Melanie may live in a land of feasting, and she constantly feasts on candy bars and ice cream, but she is, in reality, fasting from real connections with her family or herself. Daniela Rossella calls her affliction “a repudiation of food: it is a blasphemous eating-vomiting in view of her painful and real hunger, and also of the useless abundance that surrounds her.” Adriana Elena Stoican agrees, suggesting that the bulimia can be “interpreted as an effect of excessive philosophies of consumption that trigger motherly neglect.”
Arun notices the family’s neglect of Melanie. One morning after he catches her vomiting, he sees her haggard appearance and wonders, “Does Mrs. Patton not see?” (206). He turns to Rod, telling him Melanie is sick, but her brother does know what is happening and only scoffs at her for being a silly woman. He says to Arun that girls are “Too lazy to get off their butts and go jogging or play a good hard ball game. So they’ve got to sick it up” (204). Mr. Patton seems too concerned with himself and his own interests rather than his unwell daughter, mentioning her only when she does not show up for his barbeque dinners.

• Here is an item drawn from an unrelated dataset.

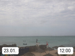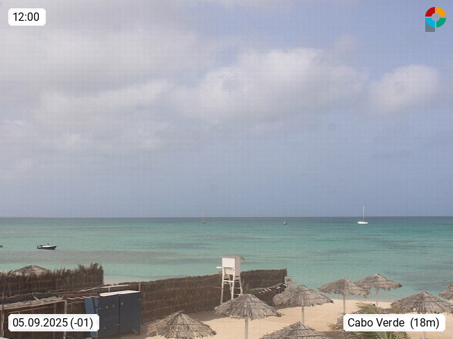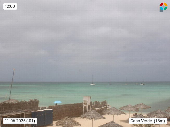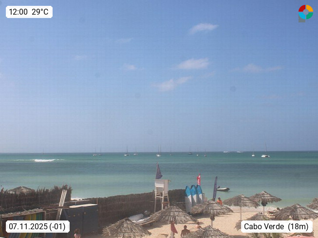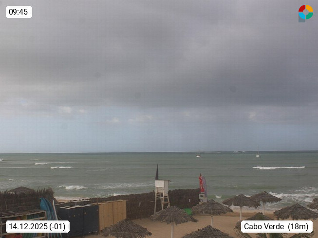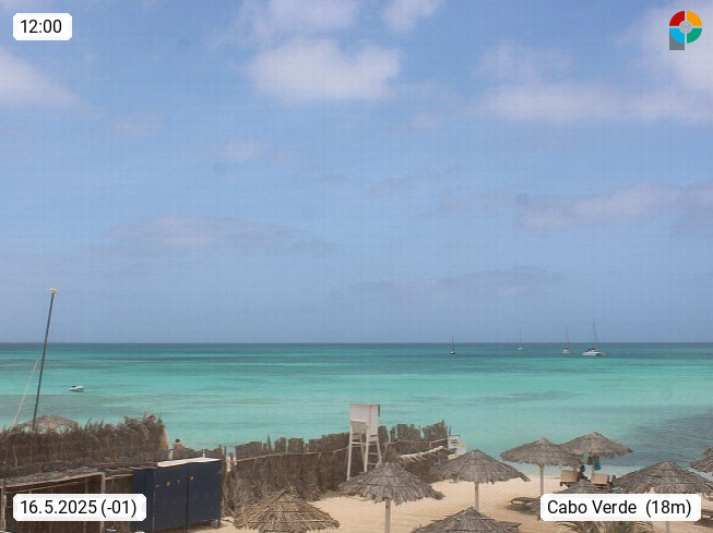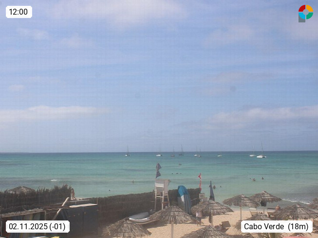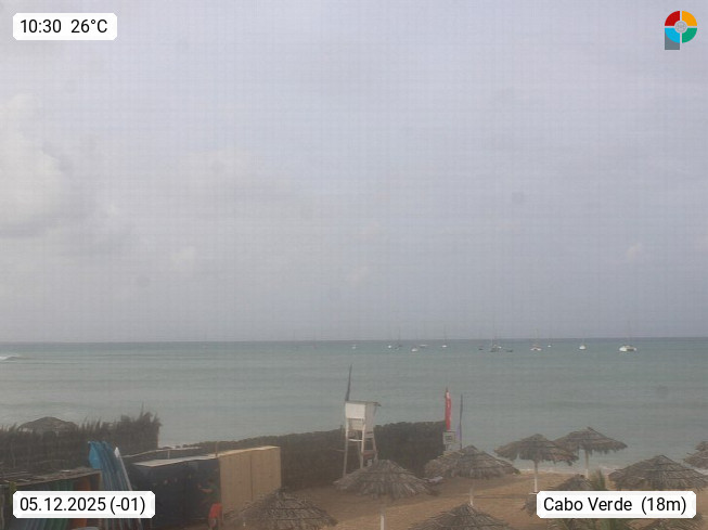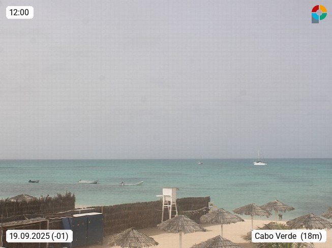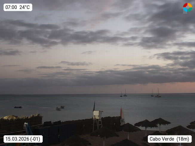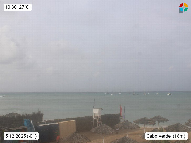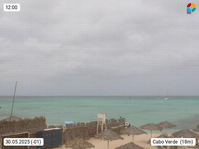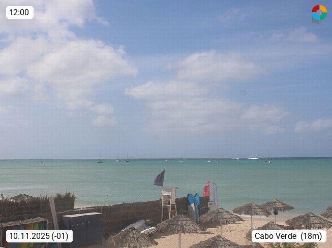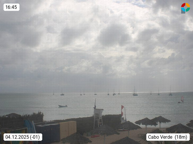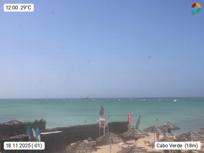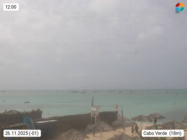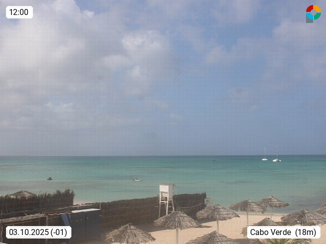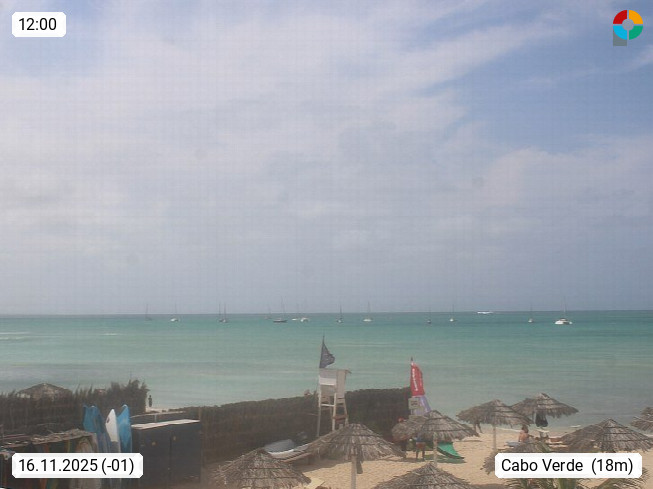 Kap Verde (Cabo Verde), Kapverden, Kapverdische Inseln, ist ein afrikanischer Inselstaat mit insgesamt 15 Inseln, 460 Kilometer vor der Westküste Afrikas. Die Inseln werden unterschieden zwischen den Inseln über dem Wind (Barlavento) und unter dem Wind (Sotavento). Blick über den Strand bei Boa Vista, auf der Insel Sal Richtung Westen. Präsentiert von https://www.addicted-sports.com.

Arun is not sure what to make of Melanie’s sickness. His attempt to talk to Rod comes to naught, and he is put off by Mr. and Mrs. Patton’s idiosyncratic behavior and his abhorrence of family drama. A lifetime of silence on the matter of his own sister seems to contribute to his reluctance to say anything, especially within the household that is so dominated by the masculine. Ludmila Volna unpacks the climax of Arun’s section of the novel when he and Mrs. Patton, separately, then together, come across the suffering Melanie in the forest: “neither [Arun] nor Mrs. Patton, herself a victim incapable of resisting the paralysing effects of the beams of patriarchal sun, are capable of doing anything for Melanie until the three of them escape temporarily the oppressive heat of the family's males' presence. Then, at the pool, enlightenment and discovery finally start to work for Melanie's benefit. A cooperation of two complementary agents is necessary: Arun, although he is well aware of the real state of affairs and acknowledges the necessity to act, is ‘paralysed’ as to action, he is unable to do anything himself. On the other hand, Arun's presence seems necessary for Mrs. Patton to discover finally the destructive consequences of Melanie's condition. As mother she is capable to act, although she ignores the true character of her daughter's suffering.”
One of the most famous lines from the novel is Arun’s rumination after he hears Rod so callously dismiss his sister’s disease: “one can’t tell what is more dangerous in this country, the pursuit of health or of sickness”(205). Melanie’s bulimia is contrasted with Rod’s obsession with his physique—the jogging, the scarfing down of protein, the pursuit of physical perfection. Stoican writes that Arun “realises that Melanie and her brother embody extreme manifestations of individual free choice… Rod’s egocentric stance and Melanie’s self-destructive attitude are regarded as specific translations of the American ideal of pursuing happiness… Rod’s pursuit of health and Melanie’s pursuit of sickness are perceived as distorted versions of the individual fulfillment guaranteed by the American creed.”